I am constrained to say that these are fundamental rights from a police constable’s point of view and not from the point of view of a free and fighting nation… Now, Sir, what constitutes a ‘grave emergency’ God alone knows. It will depend on the executive obtaining at a particular period of government. So, naturally anything that the party in power or the executive may not like would be considered a grave emergency and the very meagre fundamental rights which are conceded will be whittled down.

How prescient those words were, and how ignored, despite the Supreme Court having laid downthat seditious speech becomes a punishable offence only when it incites mobs into imminent violent action. The Delhi police, as indeed the Pune police with their ever present manacles to shackle those who, in its imagination, are “urban naxals”, would be advised to read Bhattacharya’s piece to understand better the foundational insights that have fashioned democracy in India – and the intellectual calibre of those they seek to silence.

 

Former JNU students Kanhaiya Kumar, Umar Khalid and Anirban Bhattacharya, who are facing sedition charges. Credit: PTI

 

Death threat to Swati Chaturvedi condemned

The UN Special Rapporteurs on cultural rights; extrajudicial, summary or arbitrary executions; the right to freedom of opinion and expression; violence against women; and the Working Group on the issue of discrimination against women in law and in practice, have jointly written to the government of India, drawing its attention to threats, including death threats, against Swati Chaturvedi, a journalist and columnist, who has been writing for The Wire, expressing their concerns that “the alleged threats, including death threats and threats of rape, received by Ms. Chaturvedi”…”seem to be linked to her journalistic work and criticism of Government policies”:

We are also concerned by the apparent lack of steps taken to investigate the threats despite them having been reported to the Police. We are also concerned about what appears to be a wide presence of fundamentalist discourses and intolerance, including from members of the ruling Bharatiya Janata Party, which may encourage negative social mobilization leading to expression of intolerance, incitement to hatred, violence, including gender-based violence, as well as discriminatory practices against women and the perpetuation of harmful stereotypes that are inherently discriminatory and undermine a full range of women’s human rights in all spheres Furthermore, we are concerned by the undermining of freedom of expression based on the lack of measures taken to create a safe and an enabling environment for freedom of expression, in particular for women, including in the online space.

In view of the urgency of the matter, we call on your Excellency’s Government to investigate the threats and take all necessary measures to ensure the safety and security of Ms. Chaturvedi and would appreciate a response on the initial steps taken to safeguard her human rights in compliance with international human rights instruments and standards.

 

A reader of The Wire, Denish Patel, has sent in an important mail on Gujarat’s gochar land (grazing areas): “First of all thank you for creating such an independent media model.
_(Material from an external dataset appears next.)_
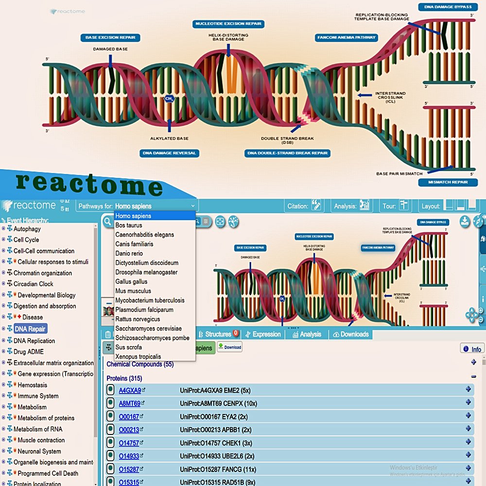 Verileri görselleştirme yoluyla biyolojik süreçlerin entegrasyon ve analizini destekleyen, yeni algoritma yapılarının geliştirilmesine yardımcı olan ve birçok çevrimiçi biyoinformatik kaynaktan beslenen reactome, veritabanı sayesinde bilim insanlarına, araştırmacılara, öğrencilere kapsamlı referanslar sunar. Ayrıca ücretsiz erişim kolaylığı sağlar.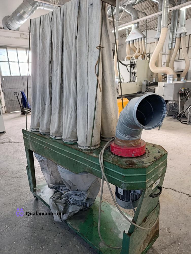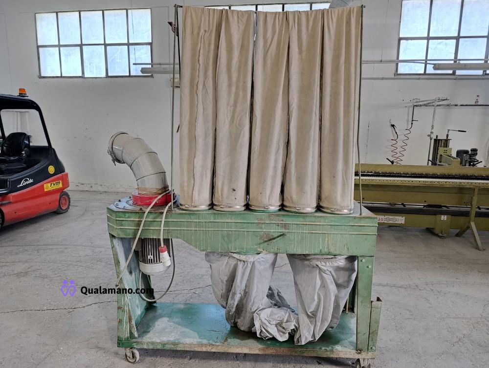 Aspiratore per falegnameria con filtro aspirante a 5 calze, struttura metallica su ruote, dimensioni di circa cm. 170x53x230 h.

One of the issues that I think you should take up is on gochar land, because I suspect there is a huge scam taking place concerning such commons. I myself am a resident of a town on the banks of the Tapi river. We have had abundant gochar lands here but now politicians (many of them belonging to the ruling party) have captured these commons and have even built houses on them. This points to the ultimate irony: while politicians do politics in the name of the cow and beef eating, they do not bother for a moment the pastures that keep cows alive.”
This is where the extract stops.